Throwing: Axe and ye shall receive

January 23, 2001 — The sharp steel sank inside the soft stump and my soul screamed.

The mountain man inside of me awoke.

I began to second-guess all the other Sundays of my life — the ones not spent hurling axes and knives at pieces of wood. All those hours wasted eating, sleeping and watching football.

I learned about the Georgia Throwers Association (GTA) from a small posting in the back of Atlanta Sports & Fitness Magazine. All it had was a name and a phone number. It was listed under “Miscellaneous.”

I called — having no idea what objects these Georgia Throwers actually threw — and a few weeks later found myself tossing a tomahawk in someone’s Bartow County backyard.

Frank Rago’s house was bigger than I expected. In fact, as I entered his upscale subdivision in the tiny town of White, just north of Cartersville, I thought I must have made a wrong turn. No crude country cabins in sight.

But, amid the manicured lawns, I found Rago sitting next to a campfire in his backyard. He wore boots, a bandana and a belt that held knives.

“When my neighbors see me dressed up like this,” the 38-year-old Rago said, “they’re like, ‘Oh, he’s doing his own thing.'”

Rago’s “thing” involves all things primitive. He carves and shoots his own bows and arrows, and fashions quivers from the hides of wild boar. Three years ago, the story goes, Rago made a trade with “an old buckskinner named Leon”: one of his homemade bows for two throwing knives and a tomahawk.

Rago is now a thrower for life, with three targets — tree stumps propped up on wooden tripods — in his yard, just a few feet away from his 3D archery range. He regularly competes in mountain man “rendezvous” across the South, and decided to form the GTA a year ago.

“I’m slowly going back to more of the primitive ways,” said the ex-Marine, originally from New Jersey. “But my wife won’t let us get rid of the house and get a teepee. I’ve already tried to talk her into that.”

“If I could find a way to get online, we probably would,” Caren Rago, Frank’s wife, chimed in with a smile.

That’s when I found out that the couple owns an Internet-based mosaic supply store. Primitive ways?

“I said ‘slowly,'” Frank added with a laugh. “I’d like to go back to those days, but those days were hard.
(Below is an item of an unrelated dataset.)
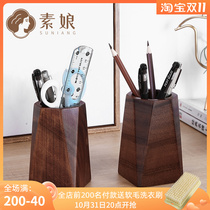Su Niang walnut pen holder wooden retro high-quality desk student desktop stationery storage solid wood pen box home

I mean, people didn’t live long.”

The founders of the Georgia Throwers Association are, from left, Eryk Smith, Frank Rago and Allan Rosen. The continue to be the club’s only three official members. For information on joining, contact Rago at 770.607.9051 or ikon@mindspring.com.

All three of the GTA’s founding members were on hand Sunday: Rago, Eryk Smith, 38, of Stone Mountain, and Allan Rosen, 44, of Atlanta. Rago, Smith and Rosen remain the only official members of the GTA.

“It’s such an offbeat hobby,” admitted Smith, an Army captain turned computer technician with a miniature gold dagger dangling from his necklace.

“I tell people and they kind of look at me like I’m strange. They look at me like I’m dangerous.”

And to targets, Smith is quite dangerous. He’s been throwing sharp objects since childhood.

“I grabbed my mother’s kitchen knives, made sure she wasn’t around and started throwing them into a tree,” said Smith, who will compete in the International Knife Throwing Alliance World Championships (yes, there is such a thing) in Phoenix, March 16-18.

“No knife was safe with me,” he said. “Most people got started the same way. They saw a knife. They picked it up. They threw it.”

Smith, wearing fatigues and combat boots, travels with a briefcase full of throwing knives. He let me throw quite a few of them Sunday.

“Throw it like a baseball,” Smith instructed.

I looked down at the foot-long bowie I was holding, and chuckled a bit. I looked back up at the target, 12 feet away, and chuckled again.

But throwing the knife felt quite natural, actually. And sticking a target stirs the spirit.

This is darts, with testosterone times 10.

I tried the tomahawk next, and the weapon and I clicked. I placed the ‘hawk’s blade into the target on my first throw.

Now, my second toss took a chunk out of the target’s stand, and my third, fourth and fifth each sailed into the woods beyond Rago’s property. But that first throw was the stuff of legend.

We threw all afternoon, until the sun sank behind the trees. Conversations were spiked with awkward pauses. Errant knives would clang off of targets, causing talkers to turn and make sure nothing ricocheted their way.

I found a rhythm with the tomahawk there for a while. Found the forest a few more times, too.

But most of all, I found pleasure in the sights and sounds. Of blades slicing through the air. Of steel piercing solid wood.

It’s the kind of stuff that almost makes you want to go primitive — if only they had the Internet back then.